Why is Dr. Jordan Peterson, clinical psychologist and professor at the University of Toronto, who recently gained meteoric attention in taking on the thought police and their language criminalizing legislation in Canada, attracting such a huge following of devotees, and eliciting both hatred and real fear among ideologues?
If you’re a young man, there’s a good chance you’ve experienced socially-approved condescension, because, well, it’s all patriarchy and social injustice and men are privileged (unless they are also part of an approved minority or sexual/gender orientation).
At the @jordanbpeterson lecture at the Beacon. Sold out. 80% male audience, lined up around the block, clearly well versed.

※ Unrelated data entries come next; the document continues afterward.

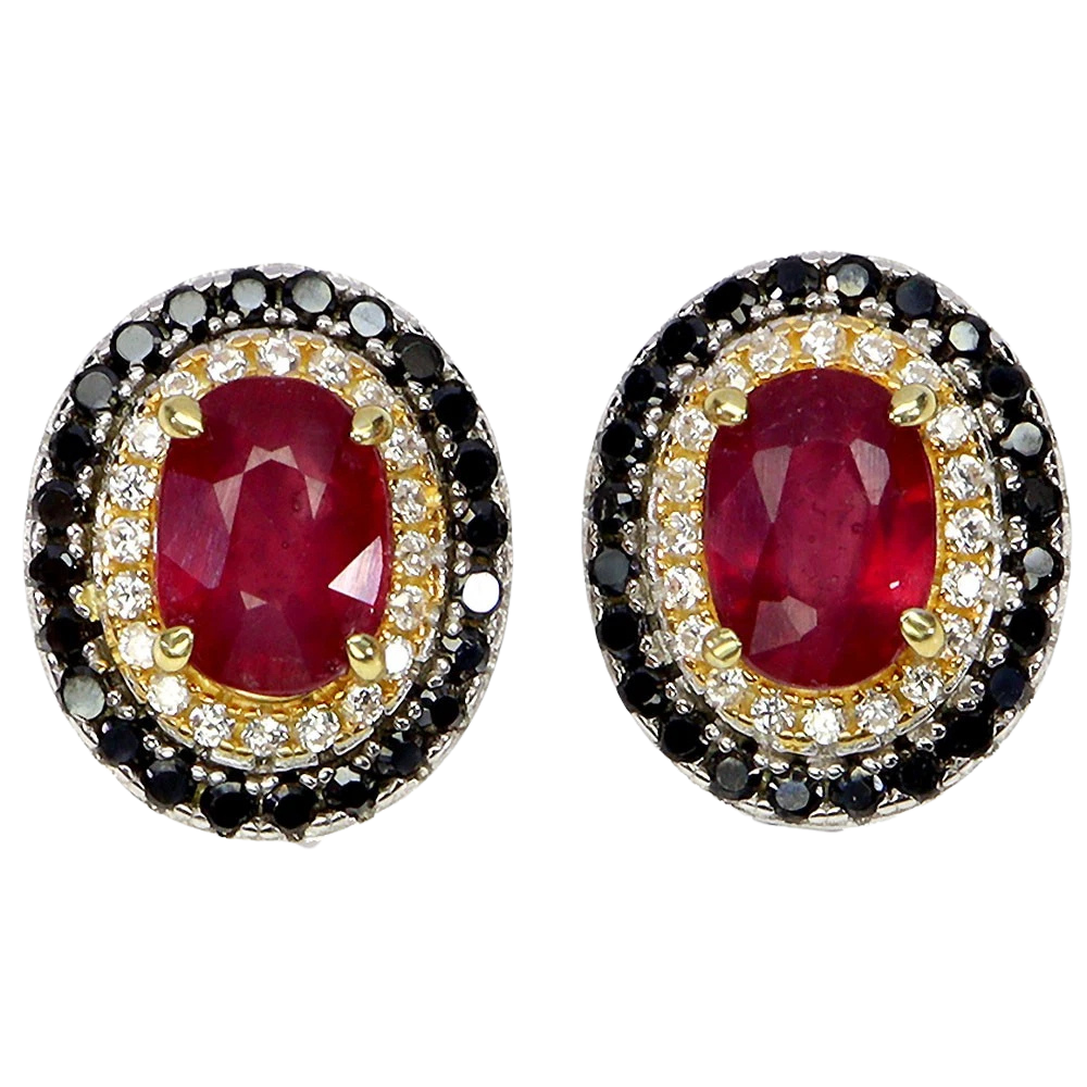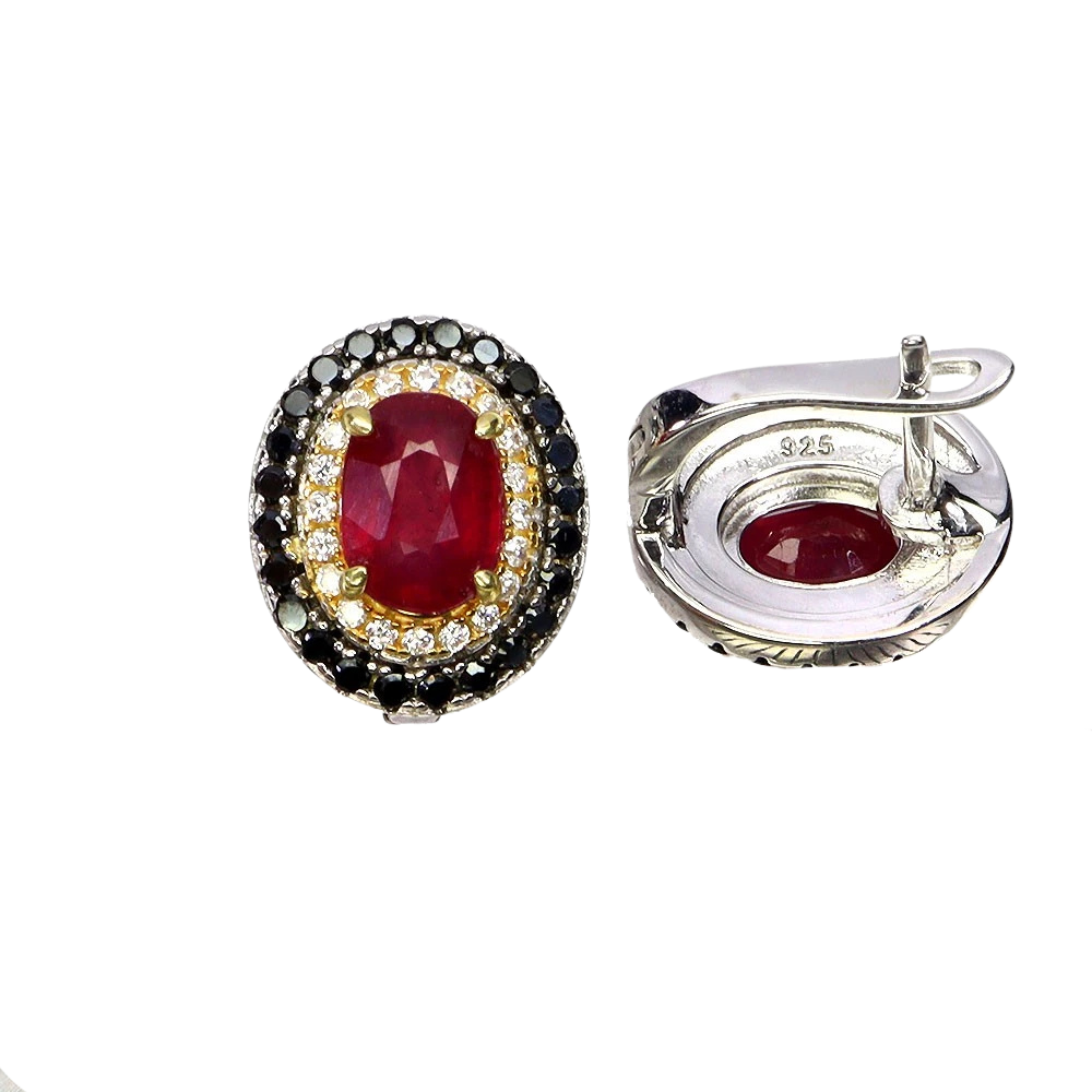 Bijuterii argint,: Cercei argint, 925, aurit in doua tonuri cu aur alb si galben de 14k, cu pietre naturale: rubin si spinel; cz.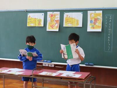 1、2年生で音読交流会を行いました。1年生は、大きな声ではっきりと音読することができました。2年生は、お話の様子が伝わるように強弱をつけたり、読むスピードを工夫するなどして堂々と音読することができました。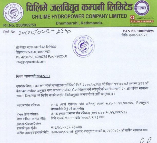 चिलिमे जलविद्युत कम्पनीले गर्यो १५ प्रतिशत लाभांश दिने घोषणा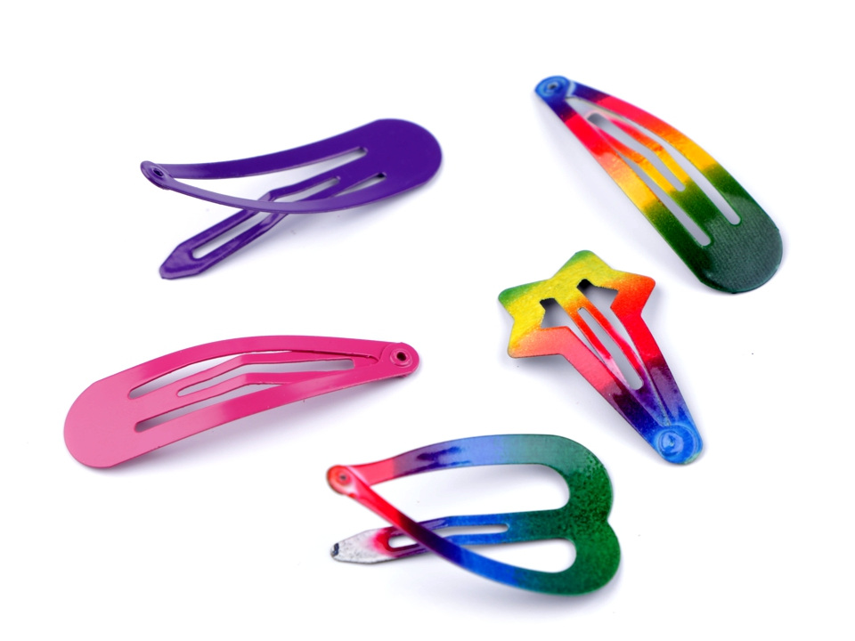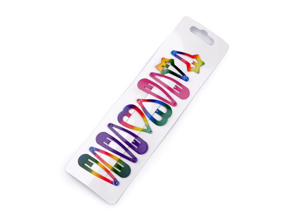 Sada sponek pukaček s duhovým potiskem. Pukačky mají velikou výhodu, ve vlasech dobře drží a přitom netlačí. Sponky jsou vyrobené z kvalitního materiálu, který dlouho drží svůj tvar, funkčnost i barvy.
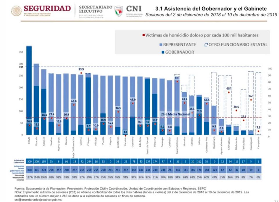 Este día, el secretario de Seguridad nacional, Alfonso Durazo hizo un recuento de las asistencias de los gobernadores en las reuniones de seguridad que se llevan en cada estado del país, desde el pasado mes de diciembre de 2018 cuando asumió el gobierno federal, Andrés Manuel López Obrador.

— Heather R. Higgins (@TheHRH) March 26, 2018
Young men hear falsehoods peddled as “truths”: That the sexes are not only equal, they are the same in everything but reproductive organs, and that any differences between males and females are socially constructed. That their opinion on any issue of gender is inherently inferior due to their Y chromosomes. That they are implicitly biased, and must have this bias “trained” out of them.
Additionally, they have observed a movement, where emotions matter and facts don’t, that shuts down critical thought as unsafe, and silences debate through vilification.
They know these things are wrong. But they don’t know why. They are parched for understanding, hope, and purpose to their lives. And into that desert comes the clear water of Dr. Peterson.
The first reason Peterson has had such impact is that this is no ordinary psychologist or professor, staying in his narrow lane. Peterson not only is extraordinarily intelligent, but also widely learned. Listening to him is like wrapping your mind with a Paul Johnson history, an interdisciplinary, intercultural, time-traveling tapestry of transcendent themes and truths — where evolutionary biology, history, literature, philosophy, psychology, music, art, religions, culture and myth are all interwoven.
People find him because of viral YouTube clips, where he dismembers sanctimonious ideologues with a mike-dropping command of fact and logic; they stay for two hour lectures on psychology, mythology, and religious texts — there are more than 400 hours online — on their new-found quest for understanding and meaning.
Peterson’s focus for decades has been what drives human beings to do evil, particularly the great evils of the 20th century, from Auschwitz to Soviet gulags, as well as helping people have agency over their own lives and the ability to endure and transcend the inescapable suffering of life.
That empathy makes him singularly effective and compelling: unlike most intellectuals’ arrogant pieties that are driven more by resentment than concern, Peterson is obsessed with actual human suffering. He cares deeply about real people, and particularly the unnecessary suffering caused by others, about which he becomes passionately angry. The high purpose of doing what he can to prevent the evil that human beings do — whether out of malice because they believe there is no meaning to life, or through lofty intentions because that is the price of their putative utopia — permeates his work.